Wednesday May 20, 2009

Libraries (5) - Runtime costs - TLBs

The next consideration when using libraries is that each library will get mapped in on a new virtual page of memory; as shown in this pmap output:

% pmap 60500
60500:  a.out
00010000       8K r-x--  /libraries/a.out
00020000       8K rwx--  /libraries/a.out
FEEC0000      24K rwx--    [ anon ]
FEED0000       8K r-x--  /libraries/lib1_26.so
FEEE0000       8K rwx--  /libraries/lib1_26.so
FEEF0000       8K r-x--  /libraries/lib1_25.so
FEF00000       8K rwx--  /libraries/lib1_25.so
FEF10000       8K r-x--  /libraries/lib1_24.so
FEF20000       8K rwx--  /libraries/lib1_24.so
FEF30000       8K r-x--  /libraries/lib1_23.so
FEF40000       8K rwx--  /libraries/lib1_23.so
FEF50000       8K rwx--    [ anon ]
FEF60000       8K r-x--  /libraries/lib1_22.so
FEF70000       8K rwx--  /libraries/lib1_22.so
FEF80000       8K r-x--  /libraries/lib1_21.so
FEF90000       8K rwx--  /libraries/lib1_21.so
FEFA0000       8K r-x--  /libraries/lib1_20.so
FEFB0000       8K rwx--  /libraries/lib1_20.so
FEFC0000       8K r-x--  /libraries/lib1_19.so
....

There are finite number of TLB entries on a chip. If each library takes an entry, and the code jumps around between libraries, then a single application can utilise quite a few TLB entries. Take a CMT system where there are multiple applications (or copies of the same application) running, and there becomes a lot of pressure on the TLB.
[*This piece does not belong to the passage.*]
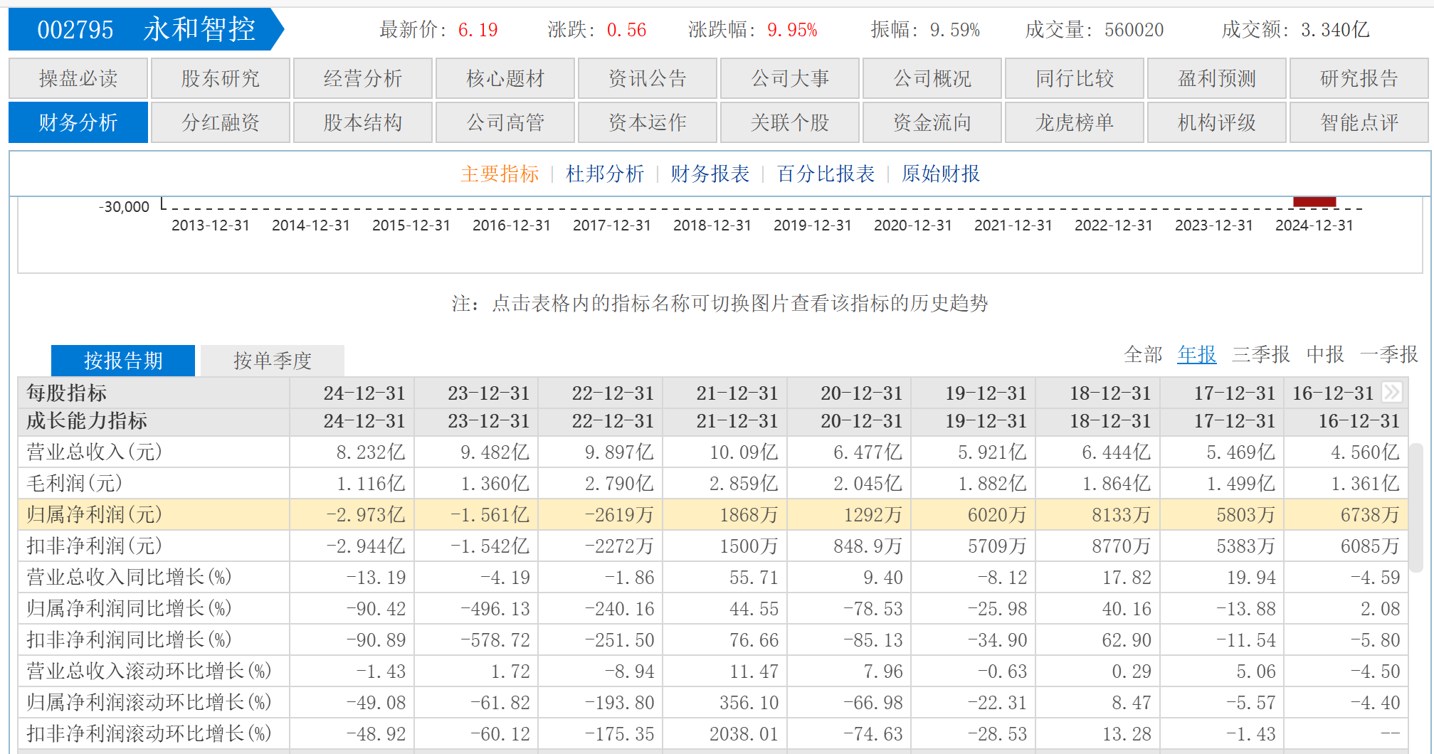 2022年至2024年,永和智控营业收入分别为9.90亿元、9.48亿元和8.23亿元,同比分别增长-1.86%、-4.19%和-13.19%;归母净利润分别为-2618.67万元、-1.56亿元和-2.97亿元,同比下滑240.16%、496.13%和90.42%。

One of the enhancements in Solaris to support CMT processors is Shared Context. When multiple applications map the same library at the same address, then they can share a single context to map that library. This can lead to a significant reduction in the TLB pressure. Shared context only works for libraries that are loaded into the same memory locations in different contexts, so it can be defeated if the libraries are loaded in different orders or any other mechanisms that scramble the locations in memory.

If each library is mapped into a different TLB entry, then every call into a new library is a new ITLB entry, together with a jump through the PLT, together with the normal register spill/fill overhead. This can become quite a significant chunk of overhead.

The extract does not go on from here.